I open the door, and there is Susan at the other end of the porch. She is freaking out.
“MY GOD STEVE THERE IS SOMETHING ON YOUR PORCH! ITS HUGE AND BROWNANDGREYANDGREEN WITH BIGTEETHANDGILLS WITH A LONGTAIL AND CLAWS”

She’s wild eyed, Susan is, so I smiled and said ‘I know! It’s a lizard! He and a bunch of others live in my garden. Come see!” So Susan eases over real cautious like and I show here the little holes, and then the big one. “I think there are five or six big ones living down there. It goes down about 5 feet into a huge anteroom” I tell her. She’s calmed down a little now, and bends over a little to look down the hole.
That’s when I yelled “AGGGHHHH!” and pinched her on her leg, and she jumped about 15 feet into the air and screamed “AGGGHHHH” and now we are both looking at each other wild eyed and screaming AGGGGHHH and that’s when she clobbered me. “Its not funny” Susan said and we laughed and laughed and laughed.

So we went inside, talked a bit, and decided on Mexican Inn. Its right across the freeway. When we stepped outside I looked again at the big hole. But the big hole was gone! It was all covered up! Why would that lizard dig a hole and cover it up? About then Susan said “Look! There he is!” and I looked down and this great-granddaddy of a lizard was looking up at me, just calm as could be, from right there at my feet.
“Hello Mr. Lizard “ I said.
He bobbed his head as if to say hello.
So I knelt down real slow like, and I swear that lizard was looking at me like a big ol’ Cocker Spaniel, and he swished his tail.
“Do you know how to shake, boy?” I said, and stuck my finger his direction. He cocked his head the other direction lifted a little lizard foot and shook my finger. “Pleased to make your acquaintance”
‘Susan said “Oh my God Steve, you just shook hands with that lizard.”
I said “You know, it aint natural for a lizard to do that. He must be like Mr. Jingles, the circus mouse from ‘The Green Mile’ ”.
But then the neighbor’s cat jumped down from the balcony and POOF, Mr. Lizard scurried away.
So I looked it up today, what Mr. Lizard was doing in my garden with all the holes.
 He’s laying eggs!
You know what that means?
That great granddaddy of a lizard is a girl!
From now on its Ms. Lizard!

Tuesday, August 01, 2017

ANOTHER SEMESTER OF THIS SHIT

Somehow I wound up in an Honors algebra class in the 9th grade. I wasn’t smoking pot for another year, but I discovered Rhonda, and how much fun getting my hands in her pockets was, and I also discovered that I was brilliant enough to pass Algebra without doing any homework. This set the tone for the rest of my academic career with the discovery that a class could be passed without actually, you know, knowing the material. I may have PASSED Algebra, but by no stretch of the imagination could I actually DO Algebra.

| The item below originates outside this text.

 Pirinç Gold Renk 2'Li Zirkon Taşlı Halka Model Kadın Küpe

The chickens came home to roost the next year in Geometry, where I was surprised to find that knowing some Algebra would have been good. That’s how I flunked my first class ever. Oh, the pot probably didn’t help.

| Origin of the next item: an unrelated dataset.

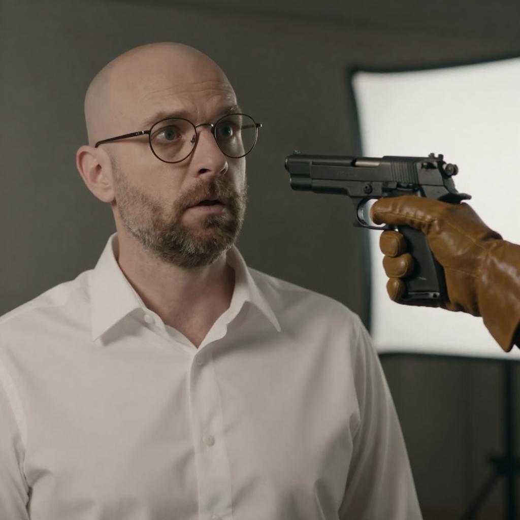 Photograph of a bald, middle-aged man with glasses and a beard, wearing a white shirt, looking up with a surprised expression. A hand in a brown leather glove points a black handgun at him from the right. Background is dimly lit with a bright white light source on the right.

The next year I was in Chemistry, and without any Algebra or Geometry skills, I was toast there too, and ended up in a remedial math class as a Senior, because the State required its students to have passed at least one HS math class.

It was Speech Class and the Debate Club that saved my HS experience. Watergate had been going on, and Nixon resigned at the start of my senior year, and I was into it enough to think I might want to be a lawyer. I thought I did until about April, when I was called to the Deans office because I hadnt attended any classes except for Speech and Government in months. I had to sit outside his office and wait while he got ready to bust my balls, and it was while I sat staring at pictures of past Principals lined up on the wall that I had an epiphany.
I was a horrible student.
I didn’t want to be a lawyer, if being a lawyer meant another 8 years of school. I didnt want to be a lawyer if it meant even one more semester of this shit. So I decided then and there to be a chef. Because, well I like to eat.
The last day of school when you clean out your locker and turn in your books? I had to go to the office and find out my locker number and the combination.